Hyperspectral Imaging of Plants
Hyperspectral imaging is a technology widely used for remote imaging, in an effort to extract a maximum of information out of images made under strongly varying imaging conditions, caused by the variability of the sunlight and changing atmospheric conditions. On the other end of the spatial scale, Fourier Transform spectroscopy of biological material is used to assess specific ingredients contained in samples that are often grinded and dried, and thus show no spatial resolution at all. The application of hyperspectral imaging under highly controlled illumination conditions, as is standard in all LemnaTec scanalyzer3D imaging stations, provides new options for data generation with high spectral resolution in a certain range of the full electromagnetic spectrum of frequencies. In contrast to the LemnaTec usage of multiple frequency imaging (VIS, NIR IR), hyperspectral imaging is rather focused on a smaller range (e.g. 400–1000 nm), but takes images at a spectral resolution between 1 and 10 nm. The user is thus enabled either to acquire full-spectrum datasets for each individual pixel of the image, or to restrict data acquisition to some specifically interesting frequency ranges.

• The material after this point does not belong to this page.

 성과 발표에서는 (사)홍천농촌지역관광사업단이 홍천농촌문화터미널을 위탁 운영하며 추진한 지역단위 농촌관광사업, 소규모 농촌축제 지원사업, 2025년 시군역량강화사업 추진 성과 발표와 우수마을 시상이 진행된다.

These will strongly depend on the substances, the substance groups or the general approach to hyperspectral data acquisition.
Hyperspectral imaging for in-depth analysis of spectral information is complemented by the high-throughput options that LemnaTec scanalyzer systems can provide.

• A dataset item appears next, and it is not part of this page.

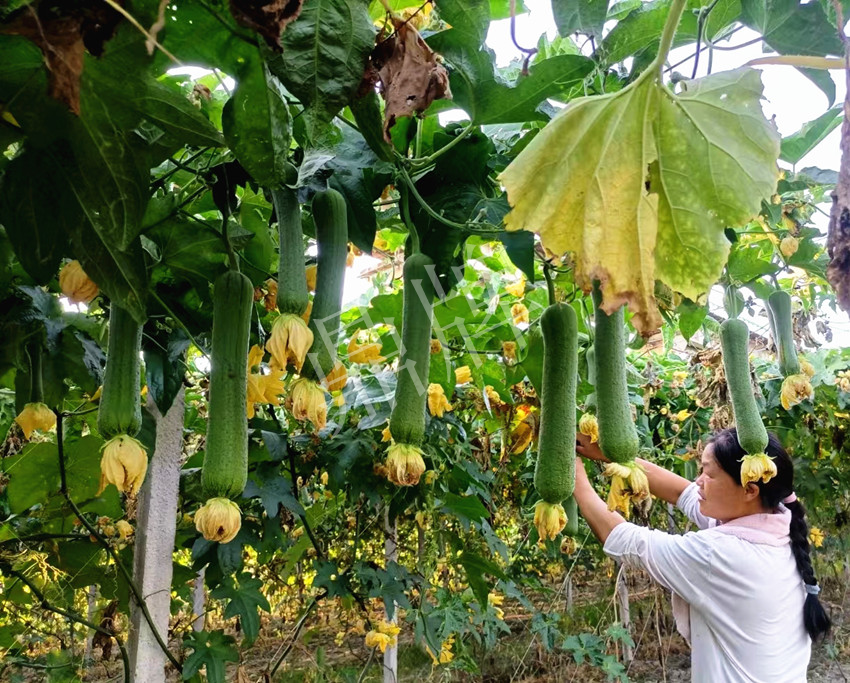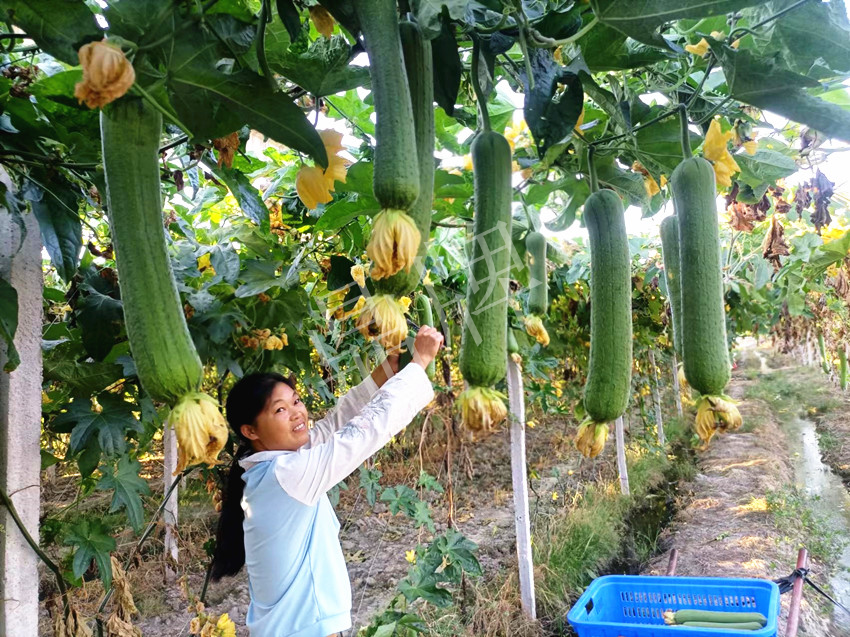 ▲ 看,“優(yōu)比1號(hào)”絲瓜的坐果狀況

Approaches to hyperspectral imaging using LemnaTec hyperspec technologies
If the absorption and reflectance spectra of substances like chlorophyll, anthocyans or others are identified, hyperspectral images can achieve at least a semi-quantitative value for substance concentration. To obtain reliable data, a larger validation experiment, including measurement of the values with other methods, is necessary in order to develop a concentration model that relates spectral information to concentration.
Learned finger printing or pattern approach
When an individual substance would only be used as a surrogate value for a more complex physiological phenotype, it may often make sense not to replicate the chemical measurement by hyperspectral imaging (substance-specific approach), but to try accessing the physiological phenomenon more directly. Based on a larger set of full-spectral information and a combination of specific measurement methods or plant pre-treatments (or plants with known specific backgrounds), a set of spectra is generated with a correlation to specific plant conditions such as biotic or abiotic stressors, senescence, nutrient deficiencies or different stages of ripeness. By employing direct comparison of spectra, advanced statistical analysis or machine-learning processes, different patterns and the spectral regions of interest for the discrimination are identified. These areas will then be monitored under routine conditions to assess details of the plant status.

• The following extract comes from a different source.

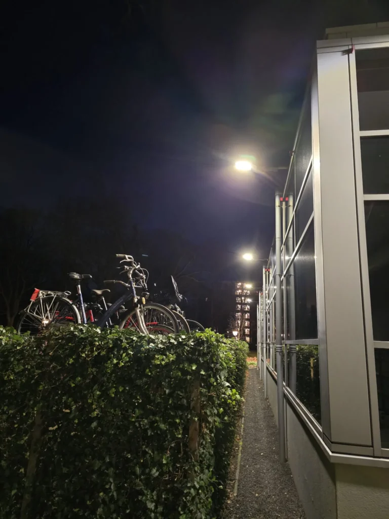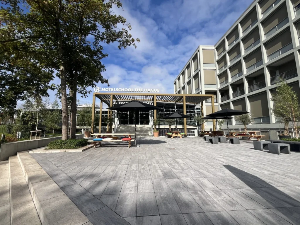 Voorheen ontbrak verlichting volledig, waardoor nooduitgangen, de fietsenstalling en expeditie-ingangen in duisternis gehuld waren. De hotelschool bevindt zich in het pittoreske Belgisch Park in Scheveningen, een gebied waar subtiele maar effectieve gevelverlichting een vereiste is om de charme van de omgeving te behouden.

Pure pattern finding approach
To make the best of screening, which means to look out for the unknown, it is useful to assess a certain spectral resolution for the entire spectrum and the whole plant. After the experiment, specific algorithms search for patterns or deviations from control plants or similarities to known, interesting plant types in the experiment. This open approach minimises the need for extensive calibrations and retains the flexibility to detect the truly new and innovative traits.